Released in full after German newspaper Bild began leaking extracts, it looks at the background to the December 2010 vote that gave the 2018 World Cup to Russia and the one in 2022 to Qatar.

At the time of the decision, the Daily Mail’s front page questioned the vote with a front page headline: ‘World Cup: Was it a Stitch-Up?’.

The 400-page report claims William and former PM Mr Cameron were present when discussions over a vote trading deal with a South Korean official took place in a Zurich hotel.

Last night, a spokesman for Mr Cameron said he did not wish to comment.

Yesterday’s revelations justified questions raised at the time about how a senior member of the Royal Family such as Prince William could be exposed to backroom deals.

Fifa’s investigation also reveals that England bid officials were asked to arrange for an honorary knighthood and an audience with the Queen for a South American official whose vote could have helped England.

It says: ‘Geoff Thompson, who was chairman of England’s 2018 bid team as well as a Fifa vice president who voted on December 2, 2010, was the only member of the Fifa executive committee who admitted reaching an agreement to trade votes.’

Vote trading during bidding for tournaments is against Fifa’s rules. Andy Anson, the head of England’s bid team, backed up Thompson’s account, Fifa said.

Both men attended a meeting at the Baur au Lac hotel in Zurich along with FA president Prince William, Mr Cameron, and Fifa vice president Mong-Joon Chung of South Korea, which was bidding to host the World Cup in 2022.
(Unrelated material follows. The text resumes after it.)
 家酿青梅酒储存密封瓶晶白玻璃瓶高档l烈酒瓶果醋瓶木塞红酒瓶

‘The Prime Minister asked Chung to vote for England’s bid, and Chung responded that he would if Thompson voted for Korea,’ the report reveals.

‘Mr Thompson, who said he had been thinking about voting for Korea even before the meeting with Mr Chung, agreed.’ But neither Mr Anson nor Mr Thompson believed Mr Chung would follow through on his promise.
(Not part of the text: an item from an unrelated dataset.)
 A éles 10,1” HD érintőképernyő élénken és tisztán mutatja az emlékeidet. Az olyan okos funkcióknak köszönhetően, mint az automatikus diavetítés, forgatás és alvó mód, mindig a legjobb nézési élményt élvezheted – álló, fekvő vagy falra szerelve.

England’s bid embarrassingly only received two votes and it was eliminated in the first round of voting.

The report tells how Mr Chung denied the allegation but admitted meeting Mr Cameron in Korea at the G20 Seoul Summit in November 2010 - but he said he never discussed any voting agreement then or with anyone else before the vote.
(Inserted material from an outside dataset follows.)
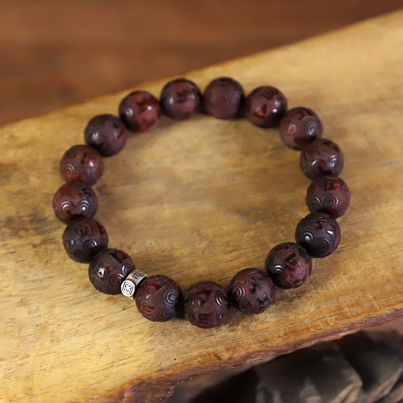 本場天然原木多宝珠手串精工刻牛転乾坤黒檀花梨紫檀男女カップル手

The report said that Mr Thompson’s ‘admission against his own interests is far more credible than Mr Chung’s denial’, adding: ‘Mr Thompson had no conceivable reason to falsely implicate himself and England’s bid team in a plan to trade votes. Nor did Mr Anson, who corroborated Mr Thompson’s account.’

When Prince William, David Beckham and Mr Cameron began lobbying for the England bid there were concerns about whether a senior royal should have been so heavily involved. The Football Association spent £21million and used the future king in a high-profile role to try to secure the 2018 tournament.

It later emerged the three felt ‘lied to’, according to one England bid member, who said it was ‘embarrassing that William and the Prime Minister lent their good names’.

William is said to have objected to having to fawn to Fifa officials in Zurich to decide which countries should host the World Cup finals of 2018 and 2022.

‘I don’t see why we have to suck up to these people,’ he was quoted as saying.

The report was written by US lawyer Michael Garcia in 2014, but he disowned a 42-page summary published at the time by Fifa and resigned.Last night, Fifa said it had released the complete report for ‘the sake of transparency’.

Bild also claimed the Qataris flew three Fifa executives to a party in Rio on a private jet shortly before the vote.

Kensington Palace declined to comment last night.